There's a lot of interesting items in the article -- such as the Byzantine-like maze of medieval sounding orders and subgroups. Ecclesia Dei. Society of St. Pius X. Congregation for the Doctrine of the Faith. It's no wonder that Dan Brown novels are so popular. There is such an air of secrecy and intrigue.
Anyway, one paragraph in the story struck me.
The Vatican said at the time that the pope did not know of Williamson's background and Benedict himself then acknowledged, in a letter to bishops, that the Church had to learn to use the Internet properly.Two items jump out in my mind.
1. The article capitalized "Internet" but not "pope." I don't know what the style manual says about that. Nor am I certain as to why internet should be capitalized at all.
2. The Vatican is just now learning how to use the internet? Really? The Vatican's technology skills are behind most elementary school kids? I'm not sure what that means.

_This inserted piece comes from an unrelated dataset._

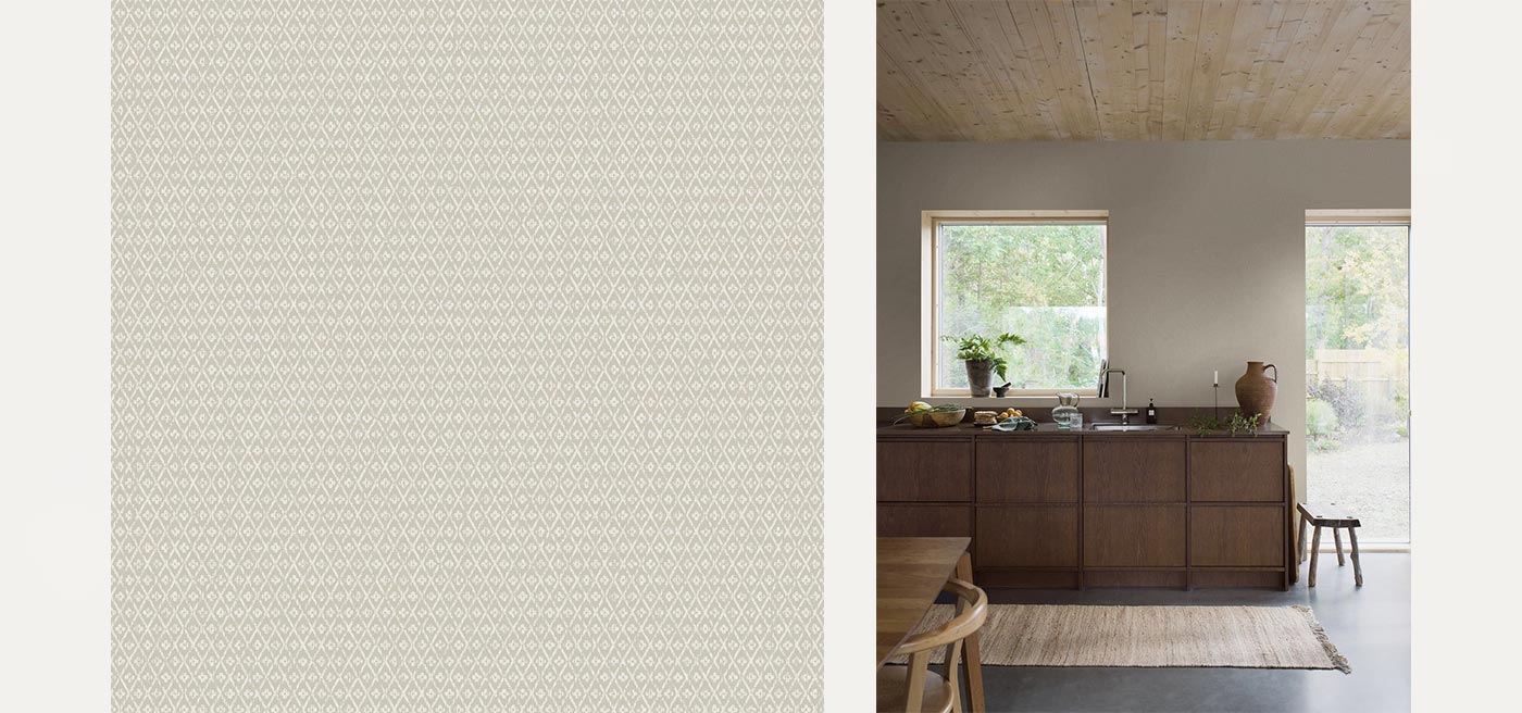 Coloured in contrasting and soft tones of light grey and beige, our Willowherb wallpaper is simple and rustic. Having the appearance of a single colour surface from a distance, its pretty petite design features a stylised four-petal flower within a diamond trellis pattern.
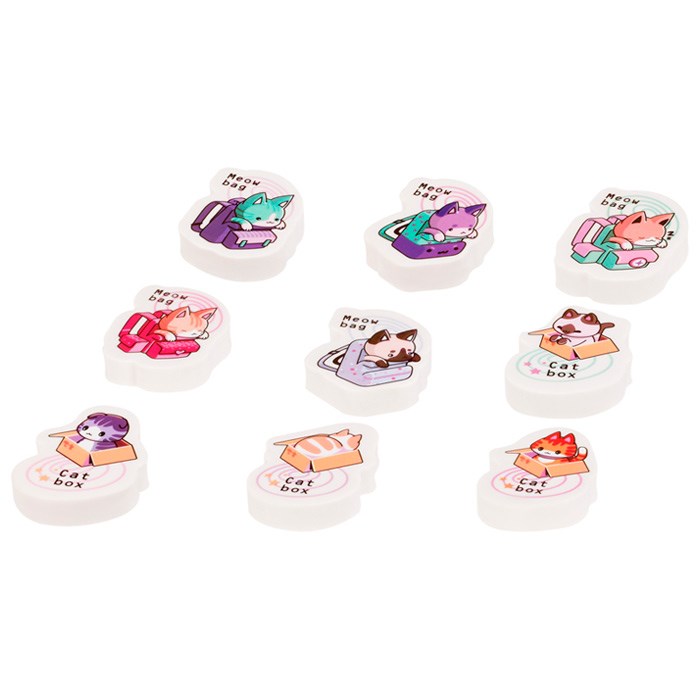 Ластики MESHU Meow-bag – забавные помощники в школе, офисе и дома. Ластики фигурной формы выполнены из высококачественной термопластичной резины. Ассорти из 9-и весёлых дизайнов ластика белого цвета с рисунком милых котиков. Отлично стирают чернографитный карандаш. Ластики представлены в дисплей-боксе.

Institutional momentum is a tough thing to transform.

1 comments:
Very interesting. Style guides have always capitalized internet, but I've been in your camp for a number of years. No need. It is interesting about "pope." I imagine non-Catholic style guides would not cap it.
I have a classmate who has made great use of the Vatican's "secret archives." It's a web-based archive of masses of ecclesiastical literature. They know how to use the internet. Maybe just not for current research.
Another style guide issue that needs to change: citations. Nowadays all one needs is book, author, year, and maybe publisher. No need for city. That only confuses issues with the number of acquisitions over the last decade. We need to drop it.